2017 conference highlights
Road Expo Scotland 2017 conference summary
Road Expo Scotland 2017 saw top officials in the sector give exclusive briefings on issues including intelligent transport systems (ITS), major trunk road procurement, collaboration in the face of funding cuts and disruptive future technology.
Delegates witnessed the launch of Transport Scotland’s ITS strategy, with transport minister Humza Yousaf giving a video presentation to commend the document and advise on next steps.
Hugh Gillies, director of trunk road and bus operations at Transport Scotland, also provided insights into the ITS strategy’s formation, including workings with private sector partner Jacobs and discussions with major companies like Tesla.
The conference gave delegates the chance to find out more about how Transport Scotland is gearing up to procure its fifth generation trunk roads contracts next year.
Mr Gillies said: ‘Are roads serving the nation as they could do, do they look and feel right? It’s difficult to quantify that [in a contract]. I think that’s where we need discussions with the contractors about how we are going to set up a fair and equitable metric that would allow them to recognise the look and feel aspect or the customer care aspect is something they can deliver against and something they can be judged against.’
As usual, Road Expo provided key insights from those running the local, as well as the national, networks.
Gordon Mackay, chairman Society of Chief Officers of Transportation in Scotland (SCOTS), gave an update on the local authority landscape, addressing delegates with some worrying financial figures.
He cited projections at Inverclyde Council as indicative of the wider financial situation, which suggest the authority is facing a 76% cut in non-protected services over five years.
In such circumstances there is ‘a real risk of critical infrastructure failure’ Mr Mackay said, as he questioned how authorities would be able to fulfil statutory duties.
One of the key themes at the conference was how collaboration could help support councils in this fight.
Ewan Wallace, head of transportation at Aberdeenshire Council – part of the group of northern councils collaborating in Scotland – gave delegates advice on how to get authorities to work together and Stewart Turner, head of roads at Ayrshire Roads Alliance, a joining of East and South Ayrshire councils into a single roads service, outlined some of the prizes on offer when it comes to combining efforts.
Mr Turner said the alliance expects to make £8m in savings over 10 years on top of budget cuts, with savings of £2.5m coming from trimmed management and £1.5m from fleets.
Another useful tool for local authorities was outlined by Raymond Smith, roads manager at Falkirk Council, who discussed work to establish cost benchmarking for different elements of the roads sector in Scotland.
Using data sets from SCOTS and the Association for Public Service Excellence, the research favoured using median averages in areas such as treatment rates to establish ‘baseline unit costs’ (BUCs).
Elsewhere, Craig Morton, research fellow at the University of Leeds, discussed his interesting analysis of Low Emissions Zones from a social perspective in terms of access issues, taking Edinburgh’s plans as a test case.
Stuart Wilson of Transport Scotland talked about the future of road safety delivery and revealed: ‘We are moving to a safe systems approach.
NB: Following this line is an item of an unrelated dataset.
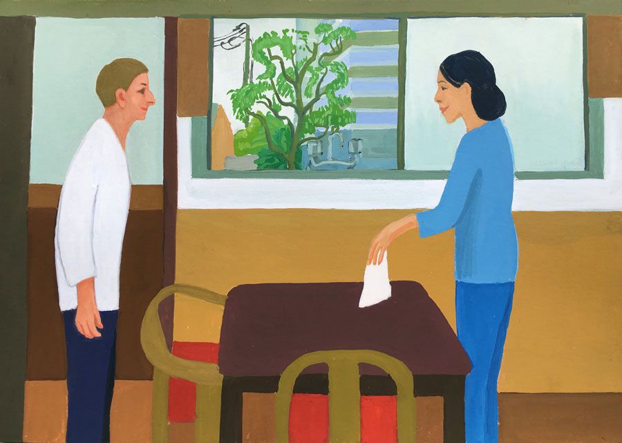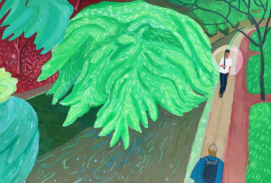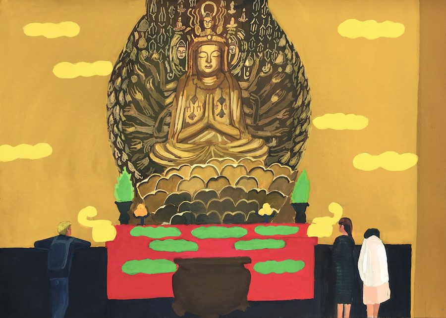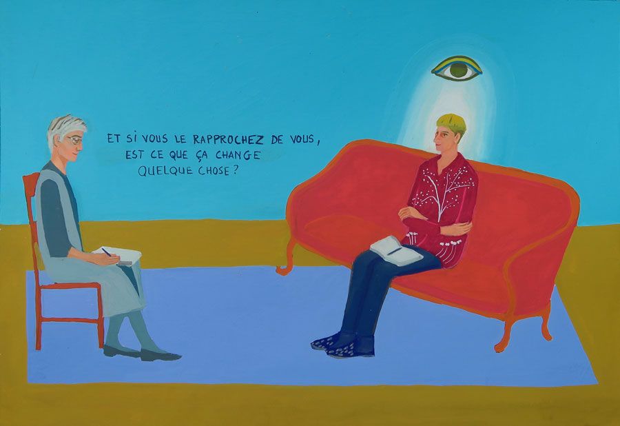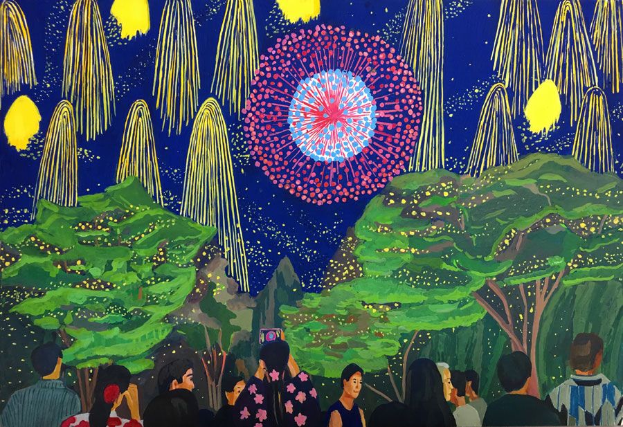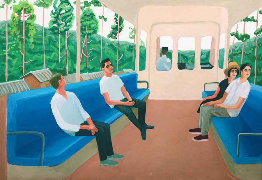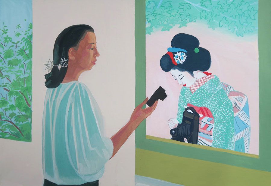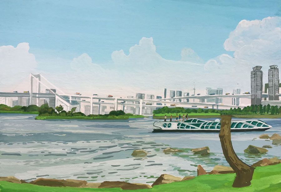 Durant un premier séjour japonais à l'été 2019, fut réalisée une suite de 26 peintures ainsi qu'une prise de notes avec l'intention de revenir pour compléter cette approche et approfondir les correspondances possibles entre deux récits tragiques grecs et japonais et entre les cultures respectives qui les ont vus naître. Au cours de ce voyage a été réalisée une première reconnaissance de lieux : Kyoto, sa forêt, approche du sanctuaire de Semimaru à Otsù, les rives du Biwa à Ômi, scènes et paysages proches du mont Fuji, bords de mer du Pacifique, Tokyo, ville et stations du Tokajaido peintes par U.Hiroshigé (par délicatesse pour la compréhension du monde japonais, les peintures ont principalement eu pour sujet des paysages). Ainsi, vie et peinture s'enchaînent et se rejouent, dans un recommencement qui traduit la joie d'être au monde. [...]

When we upgrade we look at safety and maintenance.’ And Mel Clarke, customer service director at Highways England, gave a warm and insightful talk into modern relationships with road users.
Closing the conference, John Welsh, senior development manager at Dynniq gave delegates an insight into the road ahead and the future of innovation in the sector. ‘The thinking that got us here, will not get us there,’ he warned.
Once again, Road Expo was first for news and provided in-depth analysis from those at the heart of a sector refusing to stand still.